# Lab Lunch talk by Wenyuan Yu

Incremental Detection of Inconsistencies in Distributed Data

This paper investigates the problem of incremental
detection of errors in distributed data. Given a distributed
database D, a set Σ of conditional functional dependencies
(CFDs), the set V of violations of the CFDs in D, and updates
∆D to D, it is to ﬁnd, with minimum data shipment, changes
∆V to V in response to ∆D. The need for the study is evident
since real-life data is often dirty, distributed and is frequently
updated. It is often prohibitively expensive to recompute the
entire set of violations when D is updated. We show that the
incremental detection problem is NP-complete for D partitioned
either vertically or horizontally, even when Σ and D are ﬁxed.

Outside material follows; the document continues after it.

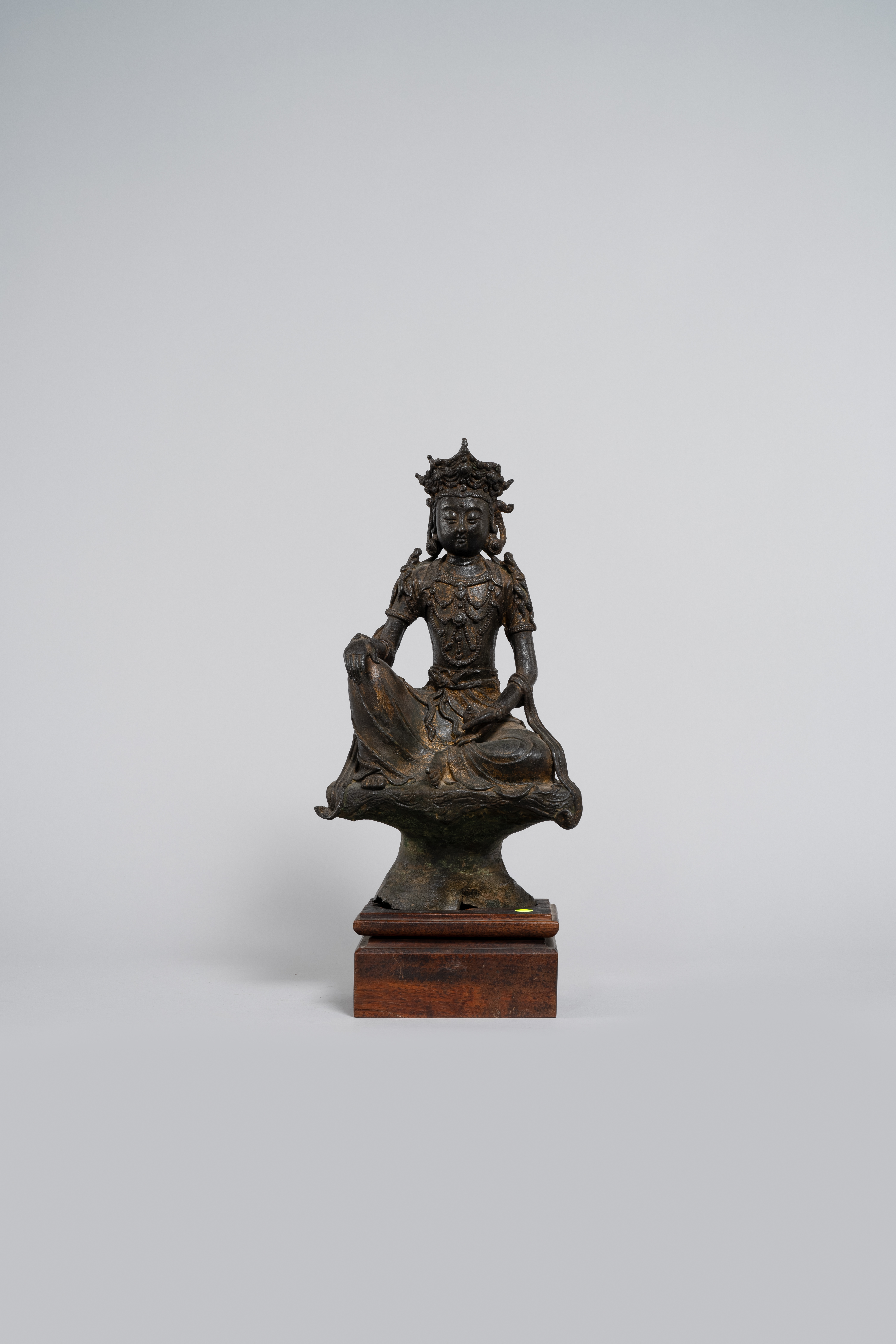 A CHINESE BRONZE FIGURE OF SEATED BODHISATTVA

Nevertheless, we show that it is bounded and better still, actually
optimal: there exist algorithms to detect errors such that their
computational cost and data shipment are both linear in the size
of ∆D and ∆V, independent of the size of the database D. We
provide such incremental algorithms for vertically partitioned
data, and show that the algorithms are optimal. We further
propose optimization techniques for the incremental algorithm
over vertical partitions to reduce data shipment. We verify
experimentally, using real-life data on Amazon Elastic Compute
Cloud (EC2), that our algorithms substantially outperform their
batch counterparts even when ∆V is reasonably large.